35 Me. 360 | Me. | 1853

Wells, J.

— The note in suit is payable to William Weston, Jr. the plaintiff’s intestate, who with his mother, then Mary Weston, now Mary Horn, was administrator upon the estate of his father, William Weston.

It is said by the defendant, that the note in suit was inventoried as a part of the estate of William Weston. The note contained in the inventory is represented as bearing date in June, whereas the note in suit is dated in January, but in other respects they are alike. But in the settlement of the account of Wm. Weston, jr. in the probate office, in April, 1845, he charges the estate of his father with a note corresponding in date and in other particulars with the one in suit. It also appears, that the amount of the note was allowed in the settlement of the administration account by deducting it from his own note belonging to his father’s estate. This evidence is sufficient to show, that the note was the property of his father. The plaintiff represents the son and is bound by his admissions.

The note being the property of the father, the administrator of the son has no control over it, and can maintain no action upon it, except by the consent of the representatives of the father.

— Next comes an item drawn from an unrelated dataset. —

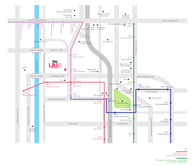เดอะ ไลน์ วงศ์สว่าง (The Line Wongsawang) ตั้งอยู่ติดถนนกรุงเทพ-นนทบุรี แขวงวงศ์สว่าง เขตบางซื่อ กรุงเทพมหานคร 10800 อยู่ห่างจากรถไฟฟ้า MRT สถานีวงศ์สว่างประมาณ 200 เมตร

If the plaintiff’s intestate and his mother charged themselves in their administration account with the note against the defendant, when they had not collected it, it might thereby become their property. In their second account they do so charge themselves with the amount of the note, stating that it is still due. If the payment of the note under such circumstances would trausfer the title to it, and authorize the collection of it in the name of the plaintiff, the interest in it would belong to the mother and son, their property in it accruing to them as individuals, in consequence of the payment made by them. It would become the property of both, *364and either of them could receive payment of it, or discharge it. Mrs. Horn and her husband, Thomas Horn, have admitted by an instrument under seal, that the note was paid by the defendant to her late husband, William Weston, and they discharged the defendant from it. This they had a right to do, if she was a joint owner of the note with the plaintiff’s intestate, and such discharge would put an end to the action.

According to the agreement of the parties, judgment is to be rendered for the defendant.

Shepley, C. J., and Howard and Hathaway, J. J., concurred.